# ES problems



## RYAN. (Mar 22, 2012)

A good buddy of mine is having problems with his 2012 honda rancher it's the it's the electric shift and automatic version is jumping gears and won't go back to neutral until he cuts it off!!!! Any advice on what to do

. < see that dot my signature starts below/behind it

2006 ARCTIC CAT 400FIS
29.5 SKINNYS
JUG GOING OFF FOR BB SOON
NO LIFT SOON TO BE 2.5 
15" GROUND CLEARANCE 
EXHAUST MOD WITH SWAMP PIPE
SNORKED AND RACKED


----------



## Crawfishie!! (Dec 9, 2009)

On the front lower part of the engine look for the shift sensor. The part is about $90 and have the dealer install it.

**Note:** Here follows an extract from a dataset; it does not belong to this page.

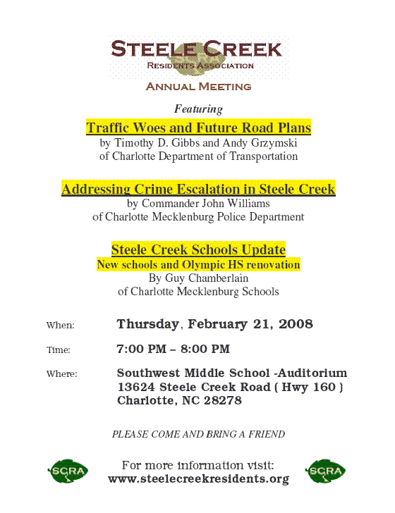 The 2008 Annual Meeting of the Steele Creek Residents Association
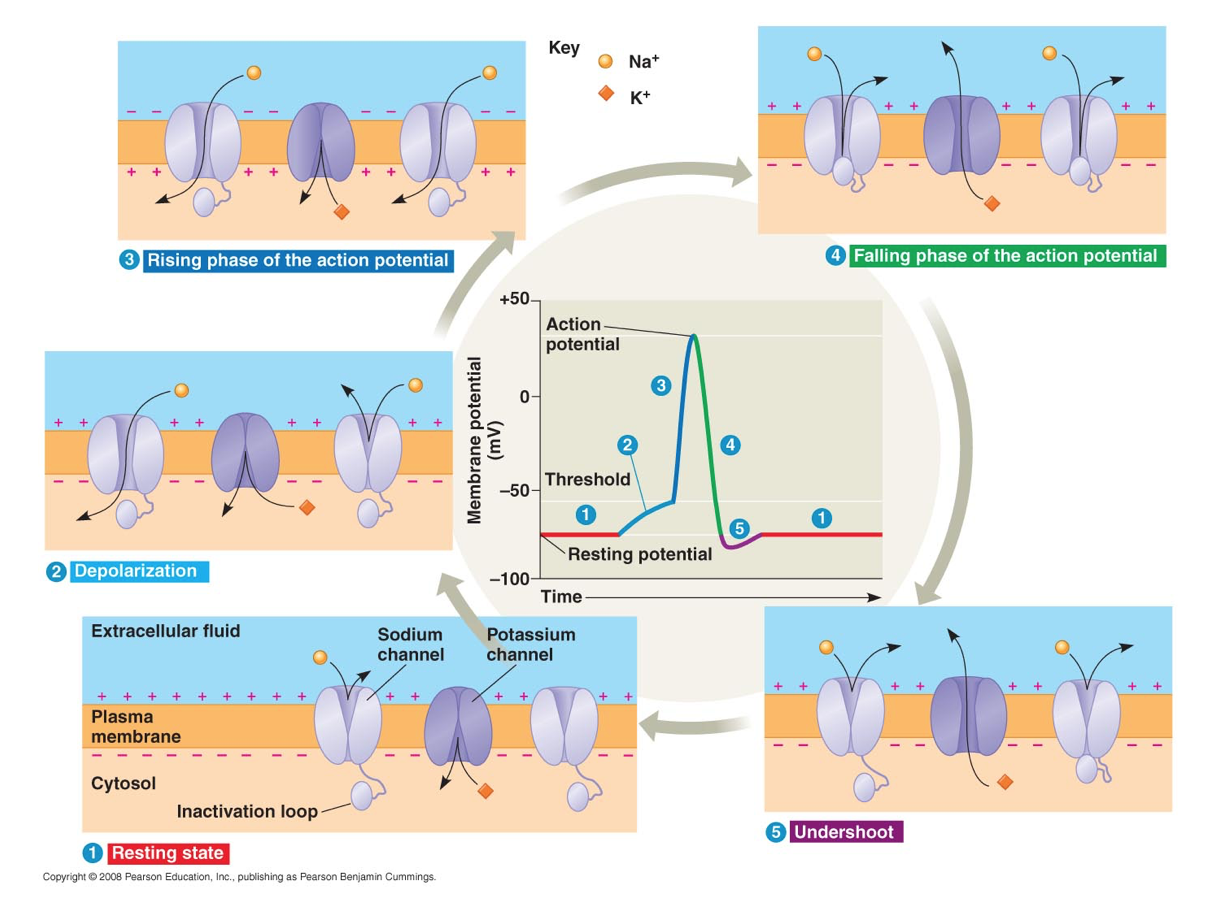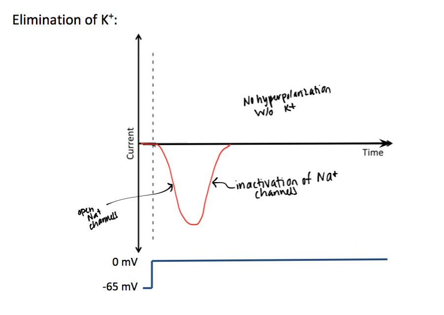 Na opens quickly, inactivates quickly through ball and chain, deinactivates with slight delay at resting membrane potential; K opens with a delay, does not have inactivation, and closes with a slight delay at resting membrane potential

It has to be "timed". I tried doing it on my wife's bike, and I'm VERY mechanically inclined, it's was a no-go! Dealer charged me $50 to install it. So $140 and 2 hours later we were rolling again.


----------



## redneckrancher420 (Jul 5, 2011)

Being a 2012 should be no charge to fix, bring it in to the dealer


----------



## RYAN. (Mar 22, 2012)

thanks for the replies, pretty sure he voided the warranty snorkeled and gear reduction


----------



## CRAZYCRACKAZ71 (Oct 8, 2011)

Warrenty gone lol. We just did this on ma brother in laws bike gr and snorked and lift. Not even 3 months old haha. But id call the dealer and see what they can do for u ma friend


----------



## RYAN. (Mar 22, 2012)

his was about that old when he did the gear reduction he snorkeled it a couple of weeks after he got it


----------



## redneckrancher420 (Jul 5, 2011)

Did he shave the sensor during the gr?


----------



## RYAN. (Mar 22, 2012)

i dont think so


----------



## Injected (Mar 21, 2010)

I would still try the dealer. My dealer doesn't give a hoot what's done, as long as he gets paid


----------